[Saved entries]
▶

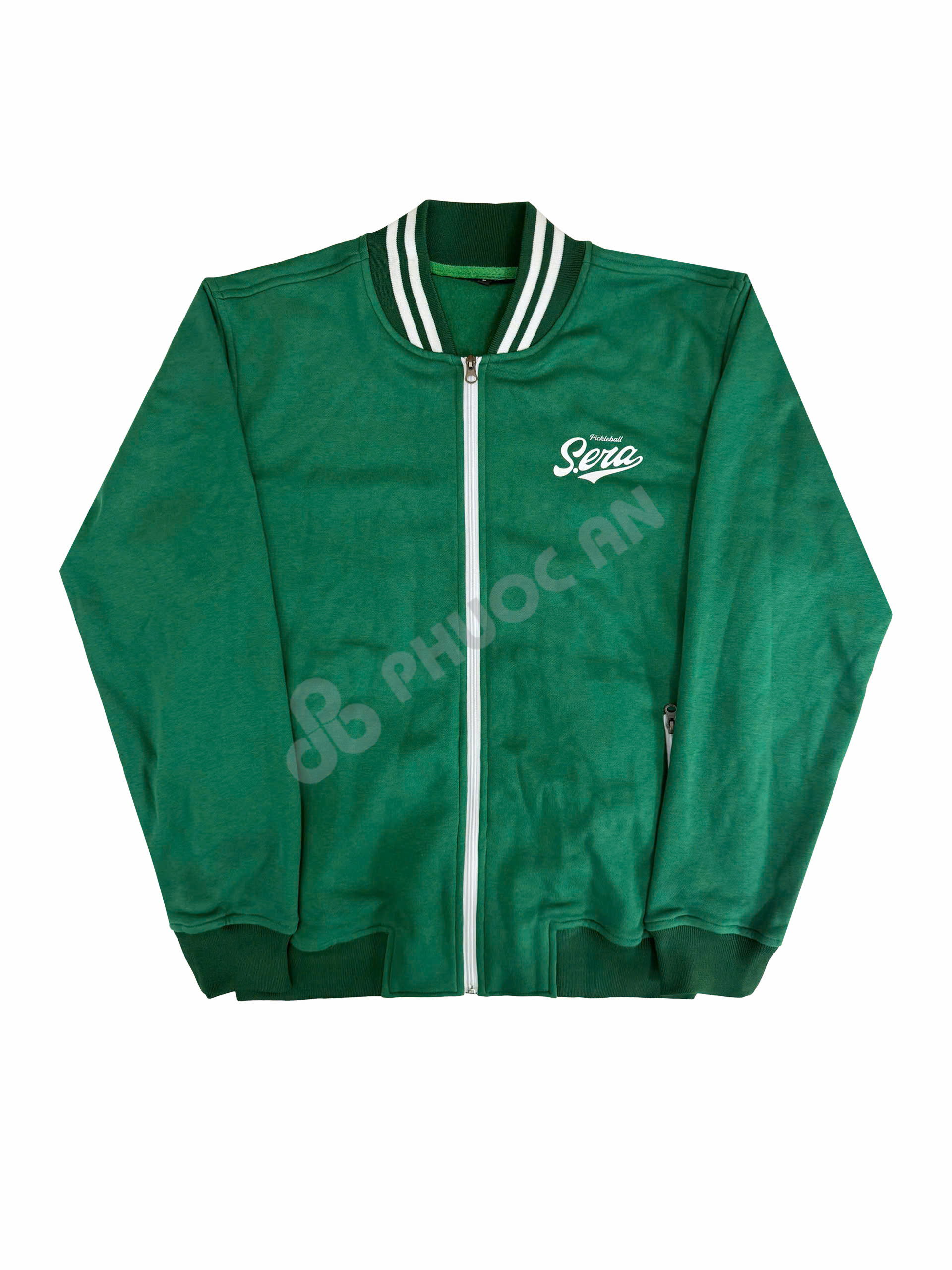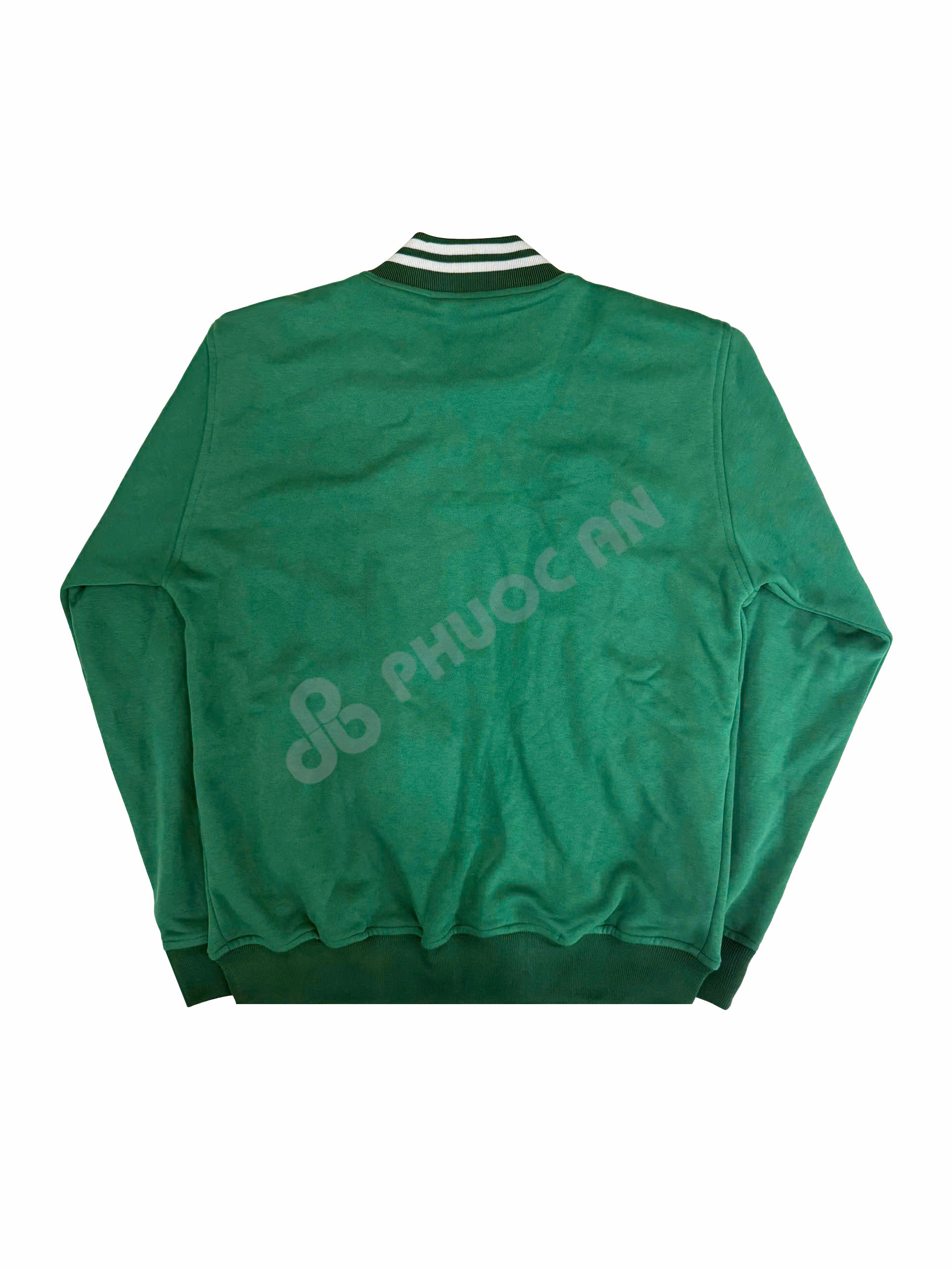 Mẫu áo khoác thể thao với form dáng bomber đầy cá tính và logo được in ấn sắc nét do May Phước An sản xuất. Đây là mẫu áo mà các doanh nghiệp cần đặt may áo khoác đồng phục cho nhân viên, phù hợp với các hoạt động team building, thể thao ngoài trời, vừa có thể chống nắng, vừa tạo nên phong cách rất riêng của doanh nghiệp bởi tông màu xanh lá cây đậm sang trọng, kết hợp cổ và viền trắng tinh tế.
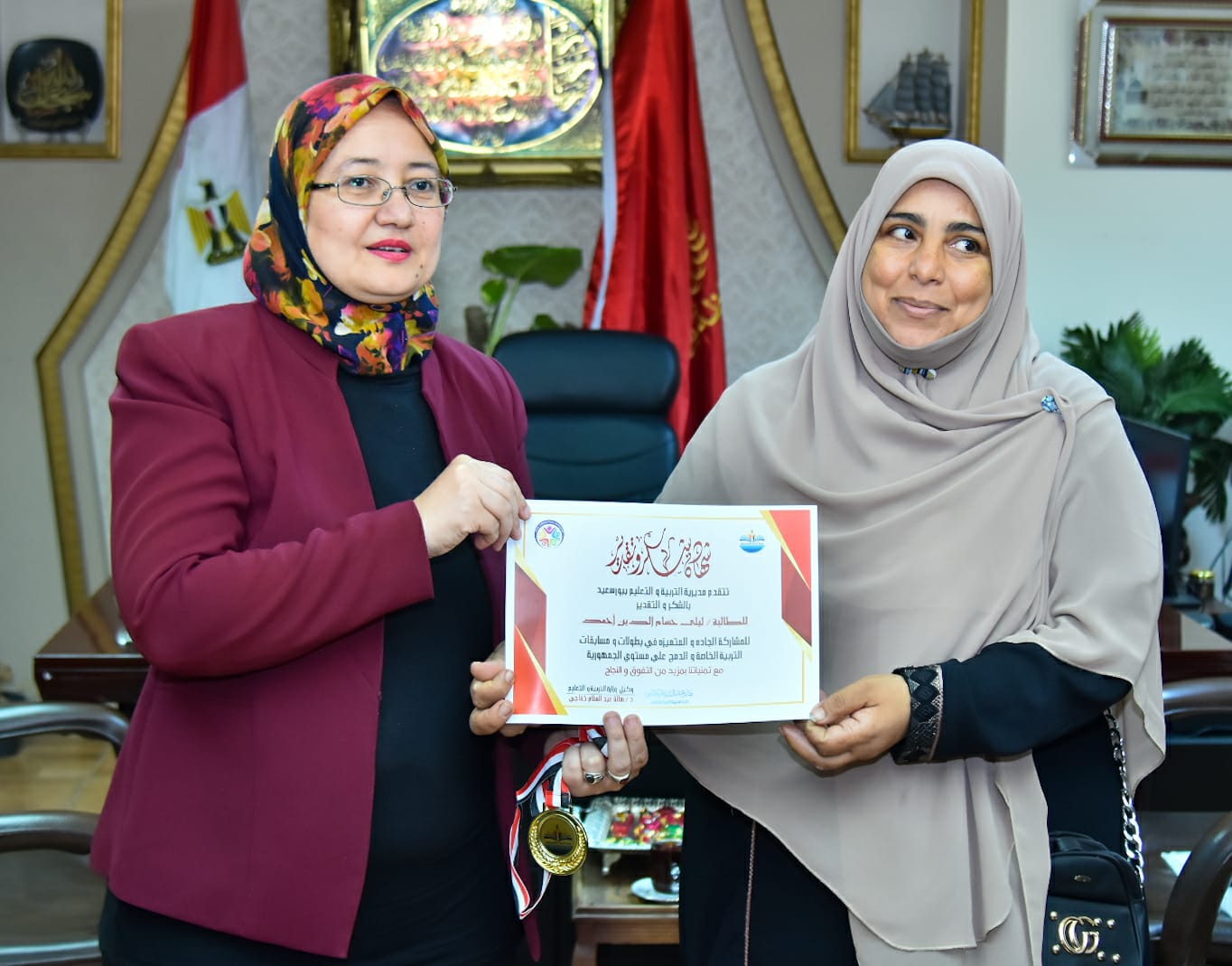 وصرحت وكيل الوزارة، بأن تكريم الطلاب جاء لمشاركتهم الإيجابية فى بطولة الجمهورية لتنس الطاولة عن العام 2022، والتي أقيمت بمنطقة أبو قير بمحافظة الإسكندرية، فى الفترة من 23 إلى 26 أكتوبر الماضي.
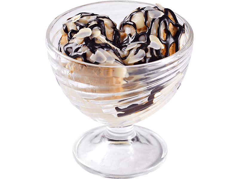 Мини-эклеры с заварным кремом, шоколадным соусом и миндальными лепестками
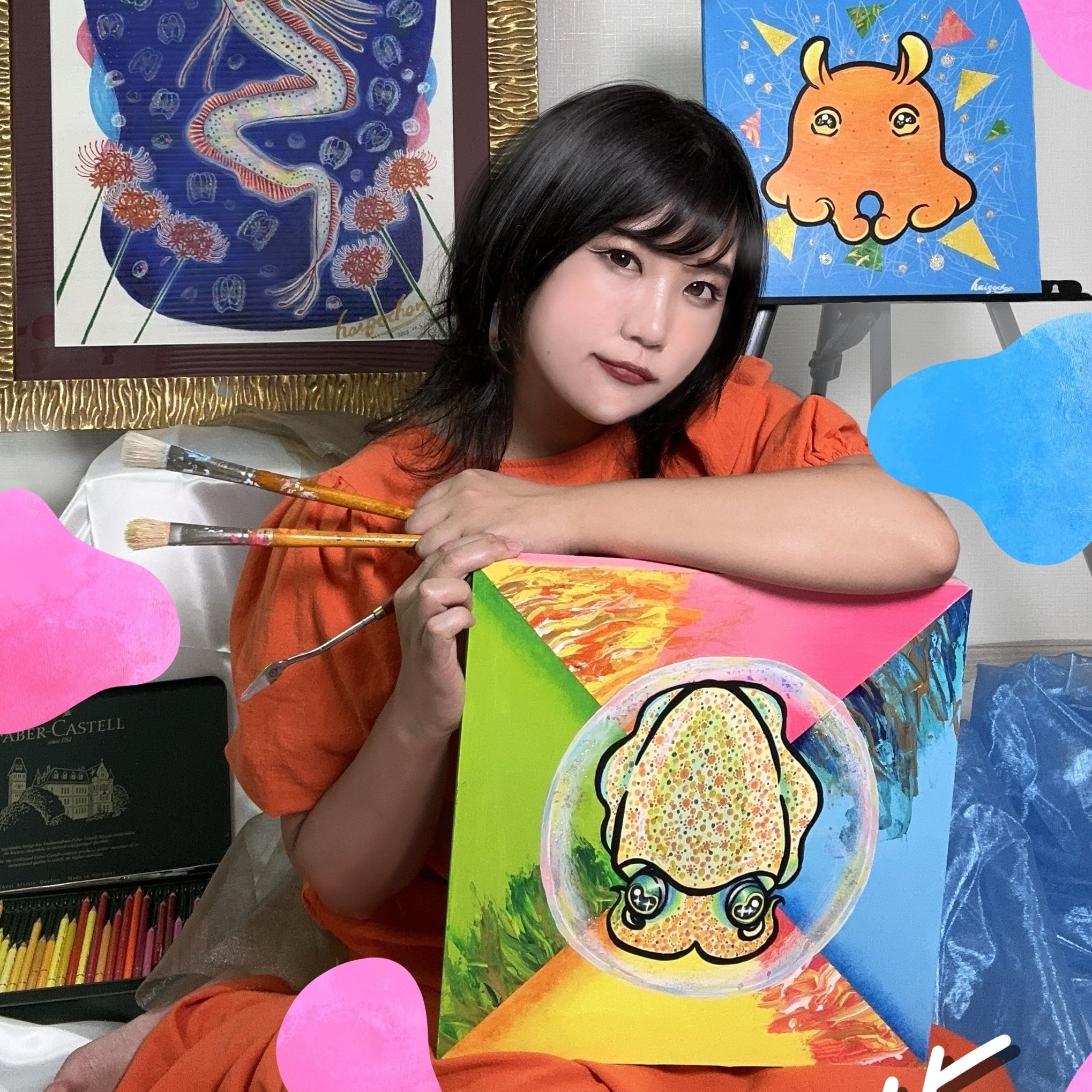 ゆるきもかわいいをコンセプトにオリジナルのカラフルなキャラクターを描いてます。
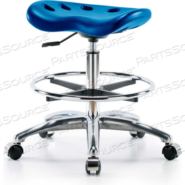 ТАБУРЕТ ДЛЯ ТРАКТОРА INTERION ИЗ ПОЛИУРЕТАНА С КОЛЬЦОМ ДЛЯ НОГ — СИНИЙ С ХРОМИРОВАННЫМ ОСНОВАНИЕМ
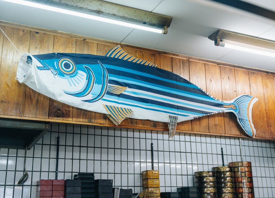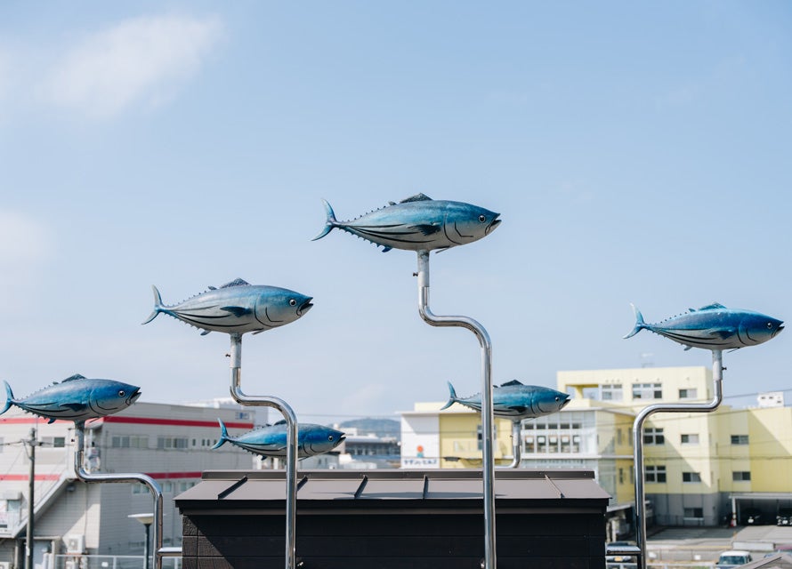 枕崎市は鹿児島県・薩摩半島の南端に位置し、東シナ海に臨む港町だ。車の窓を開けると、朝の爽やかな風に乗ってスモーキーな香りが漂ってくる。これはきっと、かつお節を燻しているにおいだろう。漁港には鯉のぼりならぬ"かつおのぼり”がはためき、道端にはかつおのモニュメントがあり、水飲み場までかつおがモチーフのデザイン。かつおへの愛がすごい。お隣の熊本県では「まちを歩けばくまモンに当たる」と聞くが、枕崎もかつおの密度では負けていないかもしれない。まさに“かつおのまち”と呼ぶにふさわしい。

◀

* WHAT YOU ARE ASKED TO DO: Output exactly the lines above, from the line with "وصرحت وكيل الوزارة،" to the line with "ТАБУРЕТ ДЛЯ ТРАКТОРА", both included; skip the pictures.

* PROBLEM SOLUTION:
 وصرحت وكيل الوزارة، بأن تكريم الطلاب جاء لمشاركتهم الإيجابية فى بطولة الجمهورية لتنس الطاولة عن العام 2022، والتي أقيمت بمنطقة أبو قير بمحافظة الإسكندرية، فى الفترة من 23 إلى 26 أكتوبر الماضي.
 Мини-эклеры с заварным кремом, шоколадным соусом и миндальными лепестками
 ゆるきもかわいいをコンセプトにオリジナルのカラフルなキャラクターを描いてます。
 ТАБУРЕТ ДЛЯ ТРАКТОРА INTERION ИЗ ПОЛИУРЕТАНА С КОЛЬЦОМ ДЛЯ НОГ — СИНИЙ С ХРОМИРОВАННЫМ ОСНОВАНИЕМ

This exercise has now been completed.